Re: The Practical Benefits of the Relational Model

From: Jan.Hidders <>
Date: 22 Oct 2002 11:08:58 +0200
Message-ID: <3db515aa$>

In article <ap0iuv$11i0$>, Paul Vernon <paul.vernon_at_ukk.ibmm.comm> wrote:
>Database constraints (often with a temporal component) can be used by users
>(when allowed by the database design) to create guarantees about whether
>values just read are still valid. Such a constraint based approach not only
>exposes all 'locks' as relational data, but also allows different relvars
>(and sets of relvars) within a database to have different locking
>'protocols' implemented.
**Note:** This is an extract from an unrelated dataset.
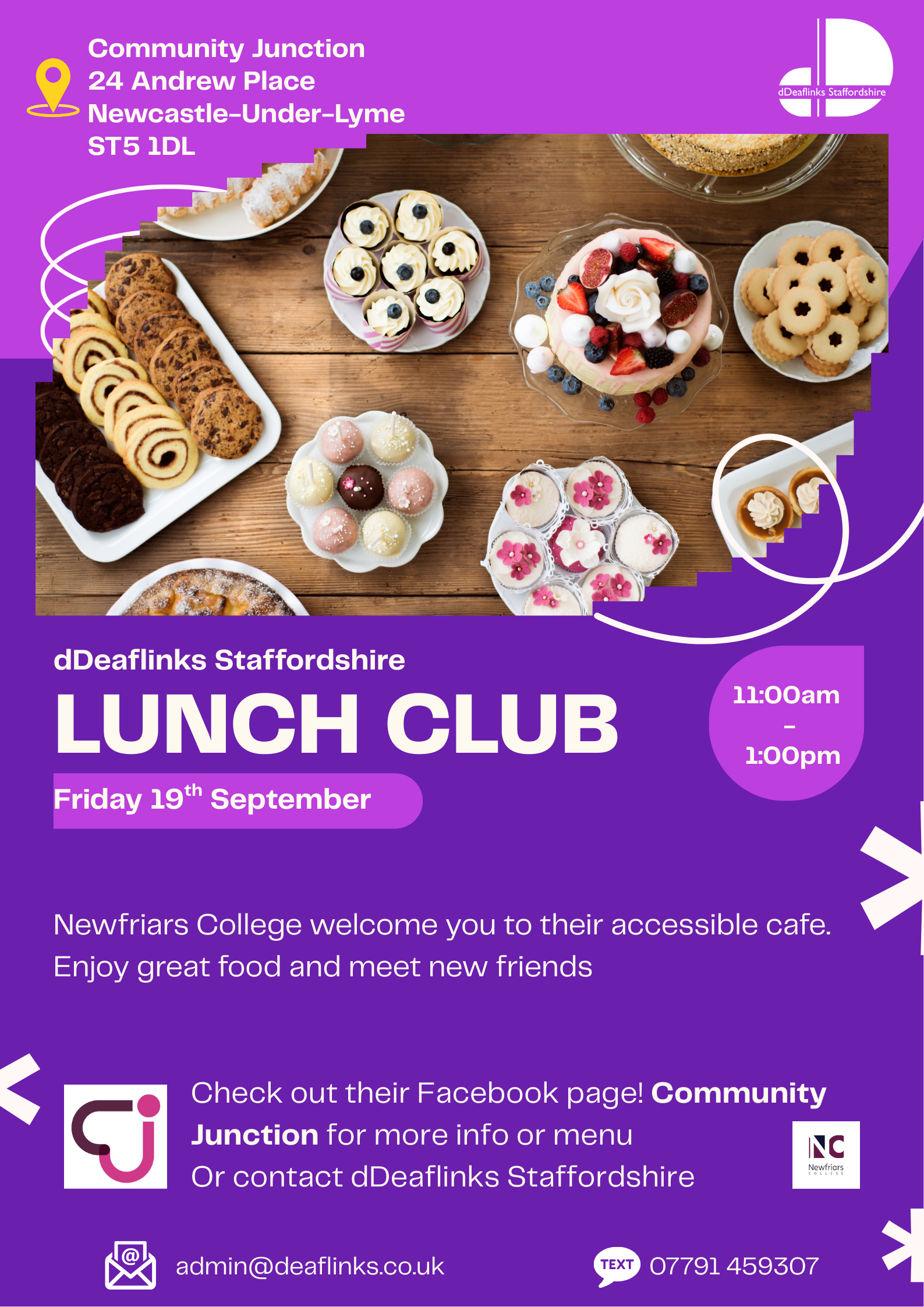 dDeaflinks Staffordshire Lunch Club at Community Junction, 24 Andrew Place, Newcastle-under-Lyme, ST5 1DL

It is my position that locking is a database
>design issue rather than a DBMS 'feature'.

I agree, but to me that means that the DBMS should allow the DBA to choose the appropriate locking protocol. However, your suggestion seems to be to let all the applications do their own locking. I cannot imagine that you really think that this will be easier to understand for the application builders then the concept of transaction.
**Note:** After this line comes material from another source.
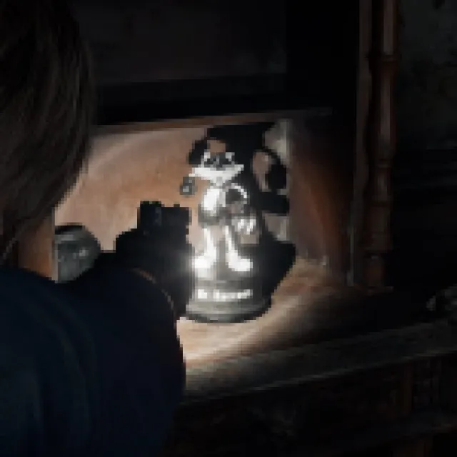 Take the staircase on the left. Head up and keep following the path, and stop at the office. Break the Mr. Raccoon on the shelf.

By the way, using predicates/constraints for locks is done in the socalled 'predicate locking protocol'. Would that be similar to what you are proposing? It's not the easiest of protocols.

If you want to know more about locking and transaction management I can recommend the book "Transactional Information Systems" by Gerhard Weikum and Gottfried Vossen:

I believe they talk in section 8.2 about on predicate locking.